Significance. If the central assumption about the tokenizer holds, the work shows that a BERT-style masked token prediction objective can be transferred to vision Transformers and yields competitive or superior ImageNet performance with substantially less supervised data than prior supervised pre-training. The public release of code and models is a positive contribution to reproducibility.

major comments (3)

[§3.2] §3.2 (Tokenizer and pre-training objective): the masked modeling loss is defined over discrete visual tokens produced by a separately trained dVAE; no ablation is reported on codebook size, tokenizer training data, or alternative tokenizers. This leaves open whether the reported gains (e.g., +1.4% over DeiT) are driven by the MIM objective itself or by tokenizer-specific properties.
[Table 1] Table 1 (ImageNet-1K results): the headline accuracies (83.2% base, 86.3% large) are given as single-point estimates without error bars, standard deviations, or the number of independent runs, making it impossible to judge whether the improvement over DeiT is statistically reliable.
[§4.2] §4.2 (Large-model comparison): the claim that large BEiT (86.3%) outperforms ViT-L supervised on ImageNet-22K (85.2%) requires explicit confirmation that fine-tuning protocols, data augmentations, and optimizer settings are identical; any mismatch would undermine the cross-pretraining comparison.

minor comments (2)

[Abstract] Abstract: the phrase 'competitive results with previous pre-training methods' is vague; listing the main baselines (DeiT, ViT, etc.) would improve clarity.
[§2.1] §2.1: notation for 'visual tokens' versus standard ViT patch embeddings is introduced without a clear notational distinction, which can confuse readers familiar with the ViT paper.
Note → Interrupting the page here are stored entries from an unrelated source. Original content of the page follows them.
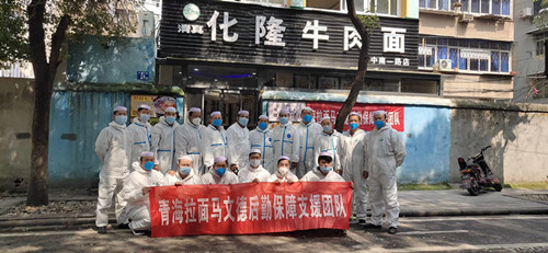 听说老家青海的首批援鄂医疗队抵达了武汉。马海青立即发了一条朋友圈,写道:“青海的天使们,我在这里24小时待命,不管你们在武汉哪家医院,都能吃上家乡的味道”,并公布了联系方式,双方很快就取得了联系。近百人的一日三餐,他和叔叔两个人忙不过来,便又在朋友圈发了一条信息,呼吁在武汉的老乡一起为医疗队做好后勤保障。很快,他们就组建起了一支志愿服务队伍。每天5点40分起床,除了拉面,还变着花样做炒面片、水饺,然后准时送到医疗队员手中。从最初的两个人、一辆车单打独斗,到后来20多人、8辆车的后勤保障支援团队,他们每天奔波在抗疫一线,一共为青海、山西、陕西等多地援鄂医疗队的医护人员送出了10000多份爱心餐。
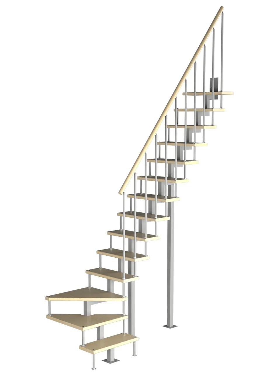 Удобная поворотная лестница на второй этаж. Дополнительные ограждения по первому маршу обеспечивают безопасность при подъеме и спуске, кроме того, небольшой угол подъема открывает всю площадь ступеней. Монтаж осуществляется силами двух человек на объекте по указаниям, приведенным в паспорте на лестницу.
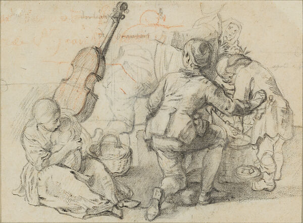 We see a woman seated on the ground holding a baby and a group of young boys crowding around some source of entertainment. Visible to the left of the boy in the foreground kneeling on one knee is an initial sketch of the pose, drawn more faintly. Most of the figures and objects on this sheet would be used in Saint-Aubin’s painting The Country Dance, today in the J. Paul Getty Museum, Los Angeles.
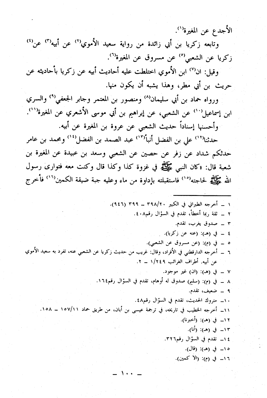 وَتَابَعَهُ زَكَرِيَّا بْنُ أَبِي زَائِدَةَ مِنْ رِوَايَةِ سَعِيدٍ الْأُمَوِيِّ، عَنْ أَبِيهِ، عَنْ زَكَرِيَّا، عَنِ الشَّعْبِيِّ، عَنْ مَسْرُوقٍ، عَنِ الْمُغِيرَةِ.
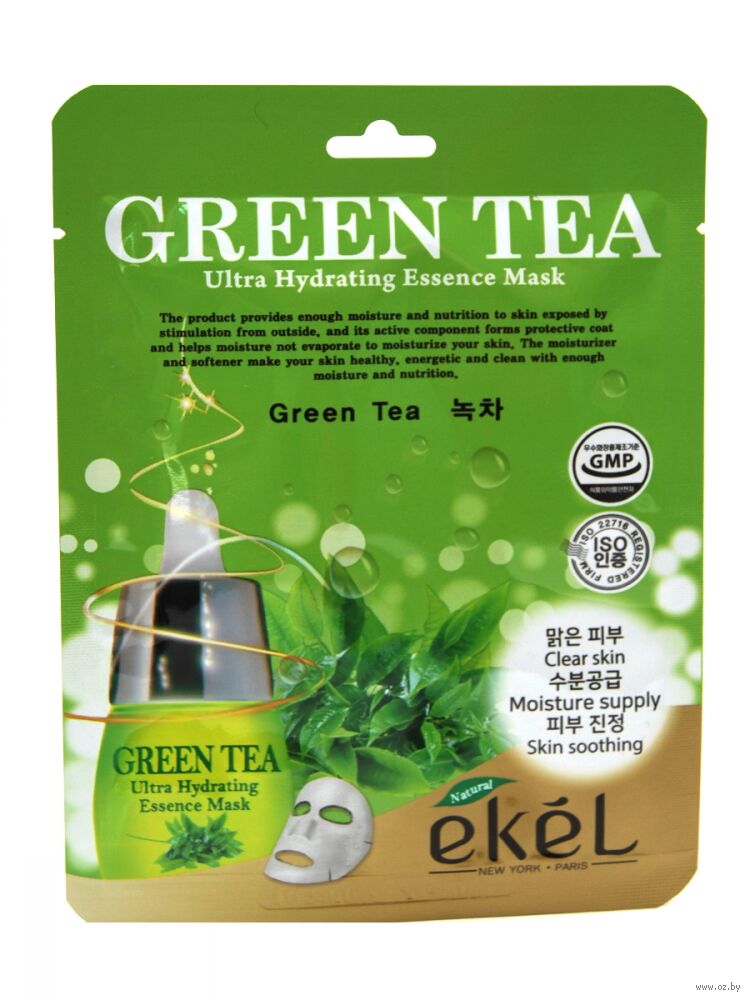Тканевая маска с экстрактом зеленого чая обладает антиоксидантным действием, активирует клеточный обмен, защищает кожные покровы от свободных радикалов, восстанавливает повреждённые клетки и повышает упругость кожи. Полифенолы зеленого чая оказывают также противовоспалительное и антибактериальное действие, способствуют проникновению биологически активных веществ в кожу. Танины придают коже упругость. Маска успокаивает кожу, улучшает цвет лица и придает ей здоровое сияние.
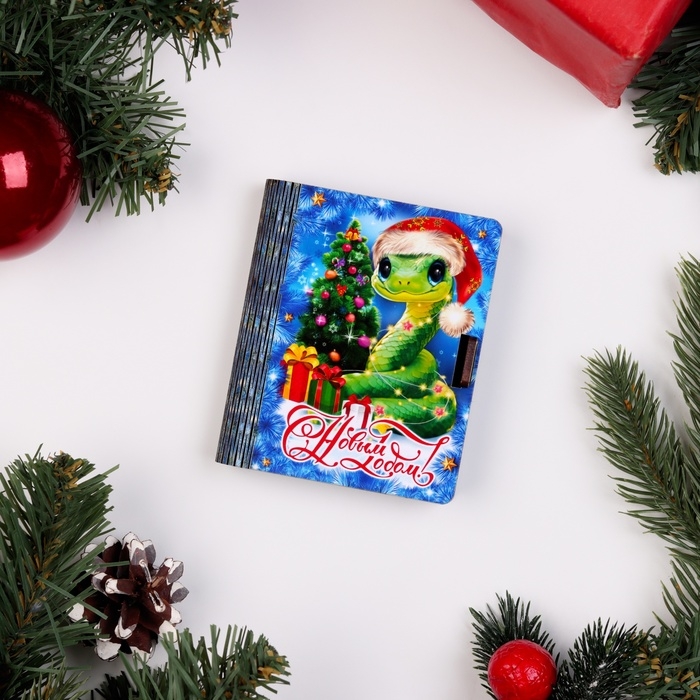 Новый год. Деревянный конверт для денег с символом года № 6 "Змея с елкой", 9,8х8,5х2 см

Simulated Author's Rebuttal

3 responses · 0 unresolved

We appreciate the referee's thorough review and valuable suggestions. We have revised the manuscript to address the major comments and provide additional details and experiments where appropriate.

read point-by-point responses

Referee: [§3.2] §3.2 (Tokenizer and pre-training objective): the masked modeling loss is defined over discrete visual tokens produced by a separately trained dVAE; no ablation is reported on codebook size, tokenizer training data, or alternative tokenizers. This leaves open whether the reported gains (e.g., +1.4% over DeiT) are driven by the MIM objective itself or by tokenizer-specific properties.

Authors: We thank the referee for highlighting this aspect. The dVAE is trained on ImageNet-1K following the original dVAE paper, and serves as a fixed discretization step. To address the concern, we have performed additional ablations on codebook size (1024, 2048, 4096, 8192) and included the results in the revised Section 3.2. The ImageNet accuracy varies by at most 0.4% across these sizes, supporting that the MIM objective is the key contributor to the performance gains over DeiT. We have also added a discussion on why dVAE was chosen over other tokenization methods. revision: yes
Referee: [Table 1] Table 1 (ImageNet-1K results): the headline accuracies (83.2% base, 86.3% large) are given as single-point estimates without error bars, standard deviations, or the number of independent runs, making it impossible to judge whether the improvement over DeiT is statistically reliable.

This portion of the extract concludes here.